The potential for entrepreneurs to disrupt industries and corporate behemoths to unexpectedly go extinct has never been greater.
One hundred or fifty or even twenty years ago, disruption meant coming up with a product or service people needed but didn’t have yet, then finding a way to produce it with higher quality and lower costs than your competitors. This entailed hiring hundreds or thousands of employees, having a large physical space to put them in, and waiting years or even decades for hard work to pay off and products to come to fruition.
“Technology is disrupting traditional industrial processes, and they’re never going back.”
But thanks to digital technologies developing at exponential rates of change, the landscape of 21st-century business has taken on a dramatically different look and feel.
The structure of organizations is changing. Instead of thousands of employees and large physical plants, modern start-ups are small organizations focused on information technologies. They dematerialize what was once physical and create new products and revenue streams in months, sometimes weeks.
It no longer takes a huge corporation to have a huge impact.
Technology is disrupting traditional industrial processes, and they’re never going back. This disruption is filled with opportunity for forward-thinking entrepreneurs.
The secret to positively impacting the lives of millions of people is understanding and internalizing the growth cycle of digital technologies. This growth cycle takes place in six key steps, which Peter Diamandis calls the Six Ds of Exponentials: digitization, deception, disruption, demonetization, dematerialization, and democratization.
According to Diamandis, cofounder and chairman of Singularity University and founder and executive chairman of XPRIZE, when something is digitized it begins to behave like an information technology.

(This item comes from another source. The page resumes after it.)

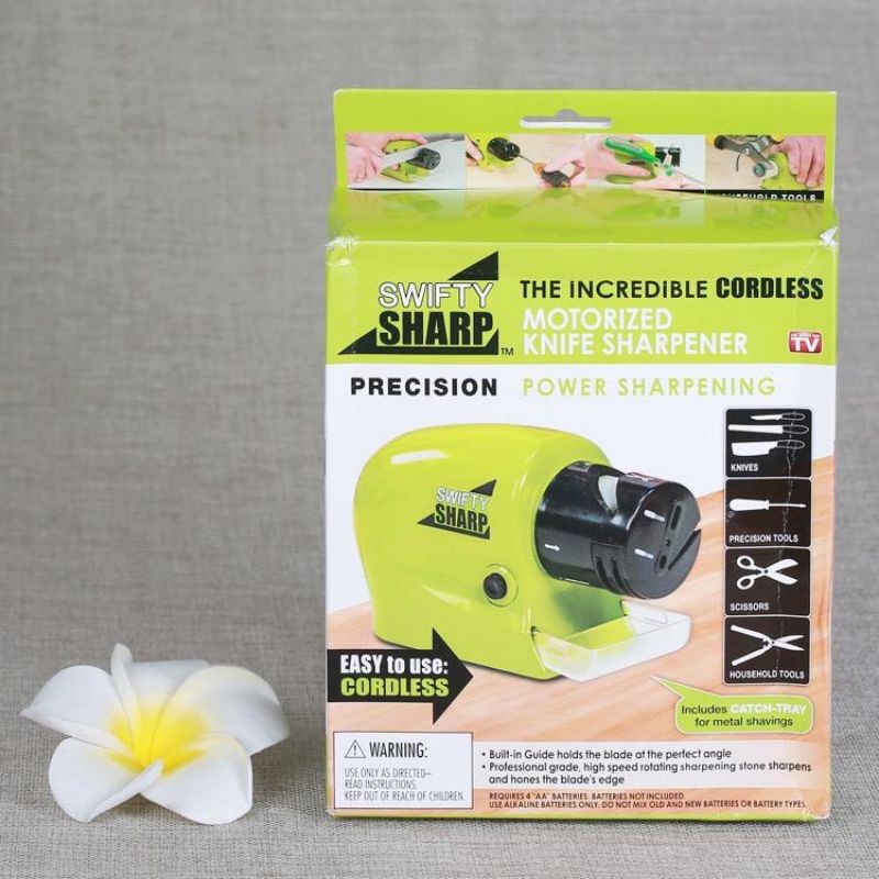 Swifty Sharp Alat Pengasah Pisau OtomatisDeskripsi Swifty Sharp /Alat Pengasah Pisau Elektrik Otomatis/ Asah PisauSwifty Sharp Electric merupakan pengasah multifungsi yang dapat digunakan untuk mengasah pisau berbagai ukuran dan obeng. Menggunakan tenaga elektrik sehingga Anda tidak perlu capek mengasah pisau secara manual.Electric SharpenerPengasah menggunakan 4 buah baterai AA sehingga pengasah ini dapat bergerak secara otomatis. Anda tidak perlu kelelahan lagi mengasah pisau secara manual.Multi Function SharpenerBerbagai ukuran pisau dapat diasah dan juga dapat mengasah obeng.Easy Way To Sharpener KnifeCukup letak pisau ke slot pengasah yang tersedia dan tekan tombol power untuk menyalakan pengasah ini. Ampas pisau tertampung pada bagian bawa sehingga tidak berserakan dan mudah dibersihkan.Berat

Newly digitized products develop at an exponential pace instead of a linear one, fooling onlookers at first before going on to disrupt companies and whole industries. Before you know it, something that was once expensive and physical is an app that costs a buck.
Newspapers and CDs are two obvious recent examples. The entertainment and media industries are still dealing with the aftermath of digitization as they attempt to transform and update old practices tailored to a bygone era. But it won’t end with digital media. As more of the economy is digitized—from medicine to manufacturing—industries will hop on an exponential curve and be similarly disrupted.
Diamandis’s 6 Ds are critical to understanding and planning for this disruption.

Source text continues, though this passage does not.